- October 30, 2019
We define Project Management as the application of knowledge, skills, tools and techniques to project activities to achieve agreed deliverables. In isolation, a successful project would simply look like the completion of a said set of tasks (within schedules and budget of course!)
Change and Project Management are linked as they usually have a mutual business goal, however they are often confused. Make no mistake, they are different disciplines.
Whereas Project Management focuses on the processes and activities needed to complete a project, such as a new software application, Change Management focuses on the people affected by those projects. Change Management covers the processes, tools and techniques to manage the people side of change, to achieve a required business outcome.
Most successful projects should have a significant and lasting impact on the business and its stakeholders; project and change managers need to work hand-in-hand to ensure a project’s long-term success.
Most organisational change efforts take longer and cost more money than leaders and managers anticipate.

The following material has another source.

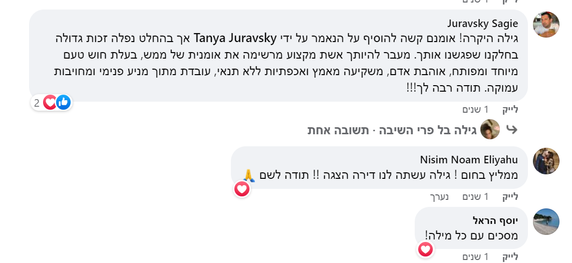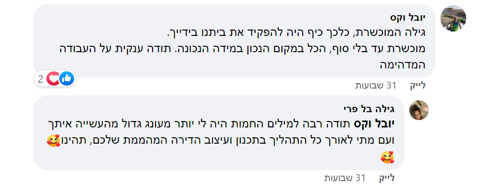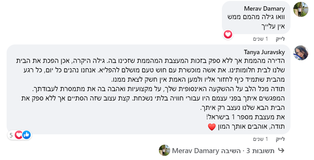 מבחינתי לבצע עיצוב פנים בית פרטי או עיצוב פנים לדירות קטנות וגדולות זה לתכנן לאדם את הבית שבו הוא עומד להתגורר זה קצת לעזור לו לנהל את חייו, ואני מרגישה מבורכת בעשייה שלי.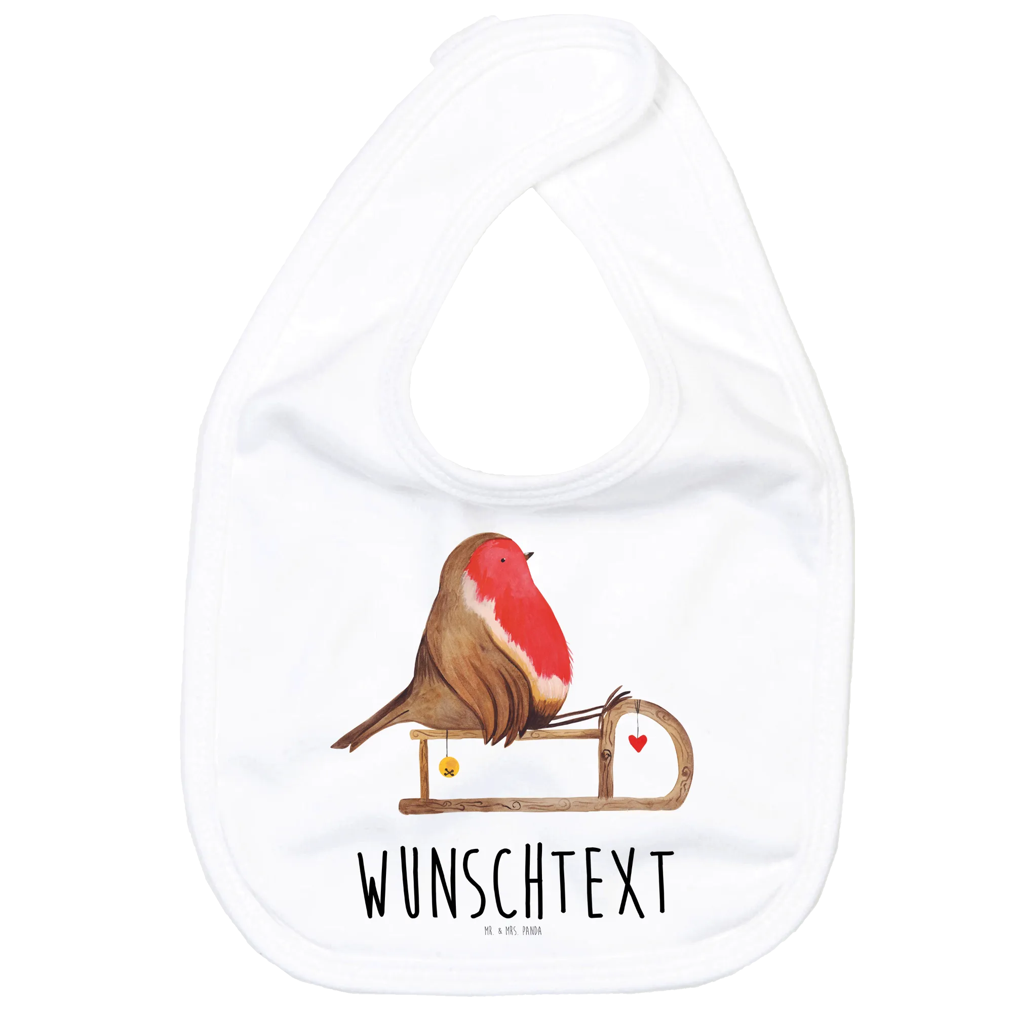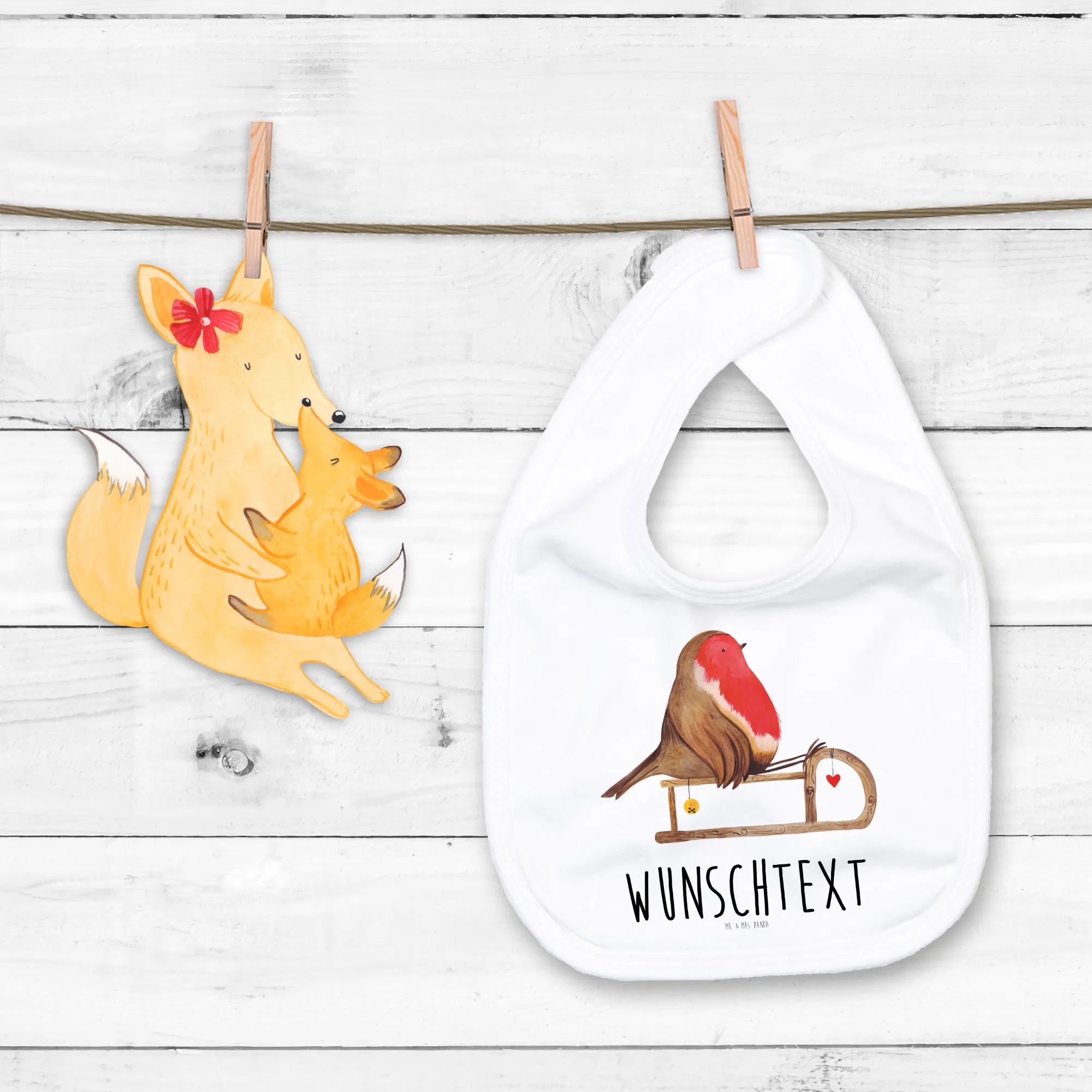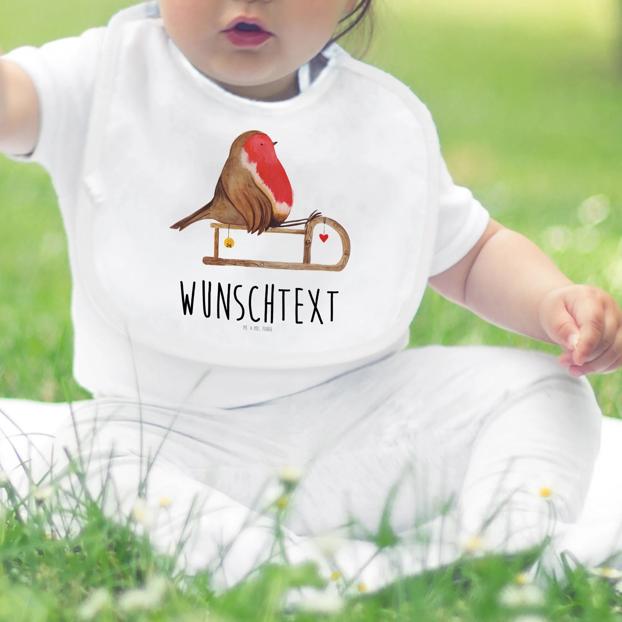 Personalisiertes Babylätzchen Rotkehlchen Schlitten

In fact, research from McKinsey and Company shows that 70% of all transformation projects fail.
That stat is likely one that you have heard before – in fact, that failure rate may actually be increasing, according to recent research from IBM. In an increasingly connected world, which is moving faster than ever before, our need to change is growing – but our ability to do so effectively seems to be shrinking.
Nearly 60% of the executives and project managers surveyed in that study say changing mind-sets and attitudes is the biggest challenge to implementing change in the workplace, with Corporate culture second at 41%.

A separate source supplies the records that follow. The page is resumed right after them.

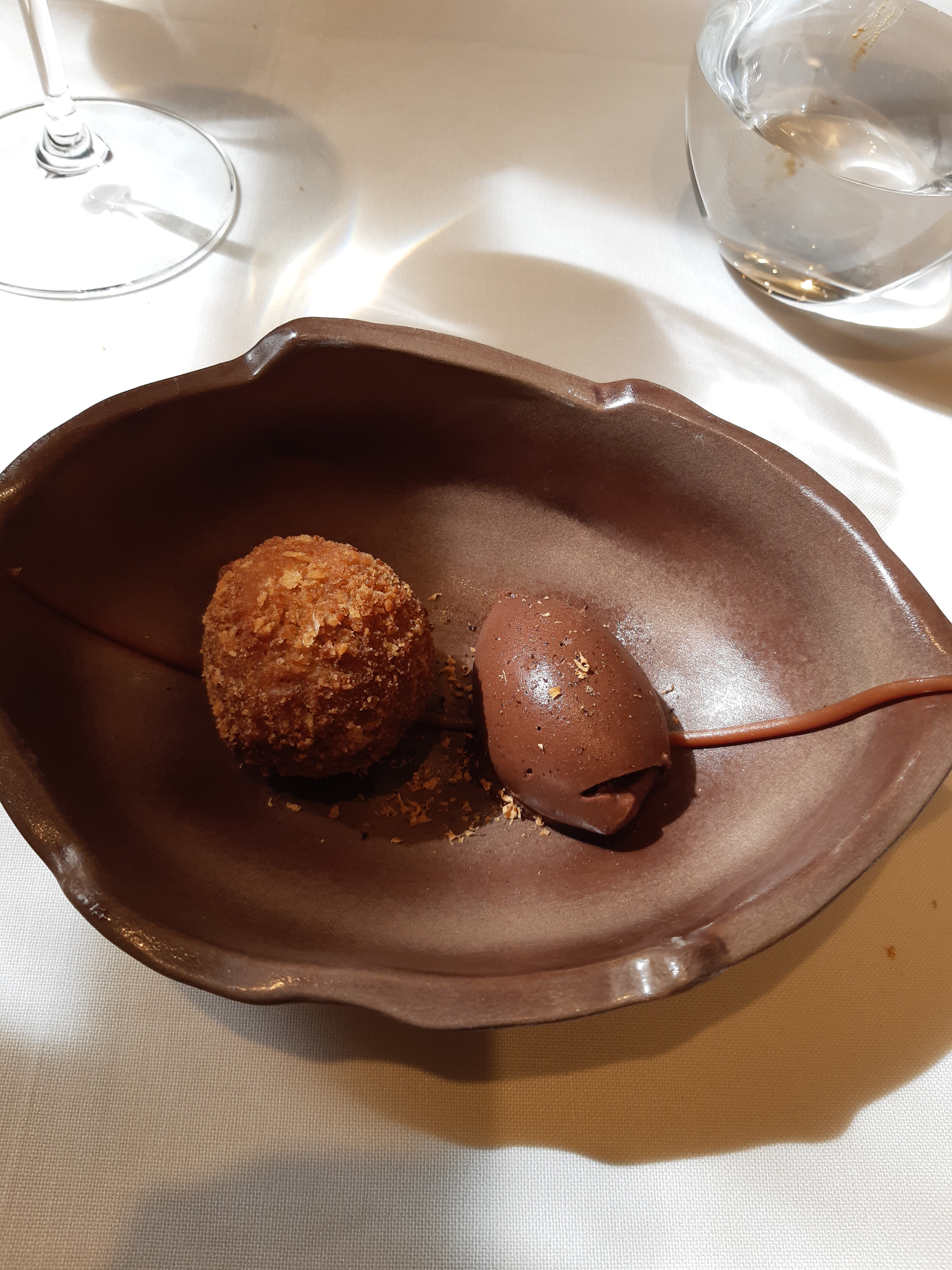 El aperitiu de la casa es tractava de un petit pastis de escorpora, croqueta de gamba i consomé de esparraques acompanyat de una copa de cava desprès una amanida de alvocat, llagostins i salmó marinat; Arròs cremós amb ceps i gambes. Turnedó de vedella amb foie i salsa de Oporto.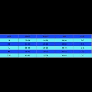 💙Navy blue lace up bandeau. 💙(a little dark in my pic) 💙Molded padded top 💙Pretty white lining 💙Bottoms are moderate coverage 💙Please feel free to ask about sizing!!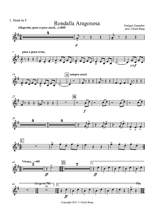 Digital Sheet Music for Rondalla Aragonesa - Horn in F 1 by , Ulrich Bang, Enrique Granados scored for Brass Ensemble; id:421005

Therefore, it is fair to say that changing behaviours is hard, yet vital to the overall success of a project. This is the role of the Change Manager.
Changing mind-sets has been found to be difficult for a number of reasons – one of these is change fatigue – the result of past failures tormenting the attitudes of current employees and the sacrifices they have made during a previous, likely arduous, transformation project.

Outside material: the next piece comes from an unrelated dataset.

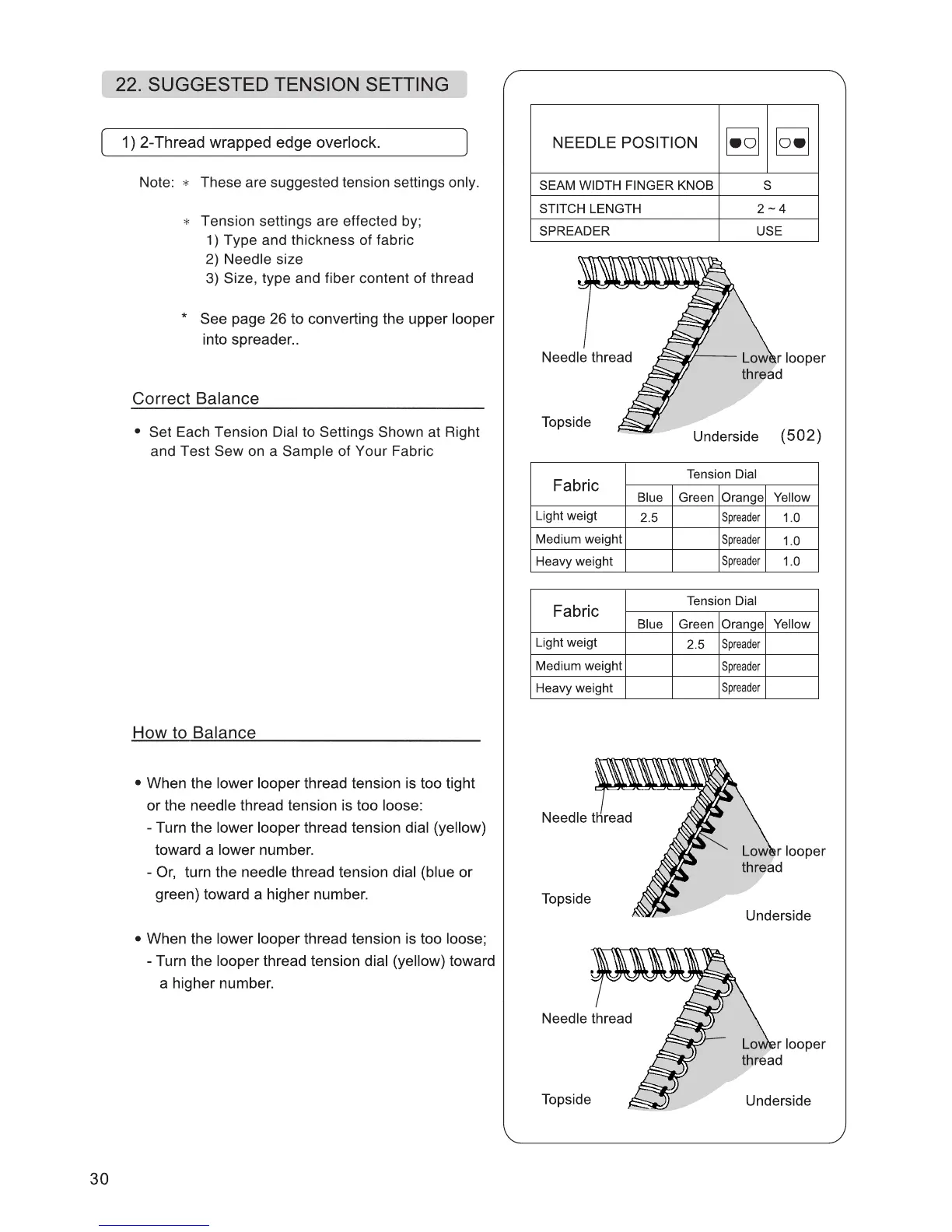 Singer 14SH764 - SUGGESTED TENSION SETTING; 2-Thread Wrapped Edge Overlock

Another is that of “inertia” – pulling people back into their previous, more comfortable ways. This can be termed ‘homeostasis’ – the tendency for systems to maintain their current state.
Projects will often finish before the change is fully embedded and, because the overall project success rests on the change becoming the new normal, further investment may be required.
In our experience, one of the greatest contributors to success in change management is that of “active and visible sponsorship” from leaders – found at all levels of the business – enforcing the behaviours and processes aligned to the project goals and sharing successes along the way. Successful transformations must be led by ecosystems of leaders across the entire organisation.
The best way of achieving this is through an effective, consistently applied management operating system that encourages active management and visible sponsorship.
Changing behaviour is not a one-off task, but needs to be a continual effort until new habits are formed – it doesn’t end just because the Project Manager says we have got to the end of the project schedule.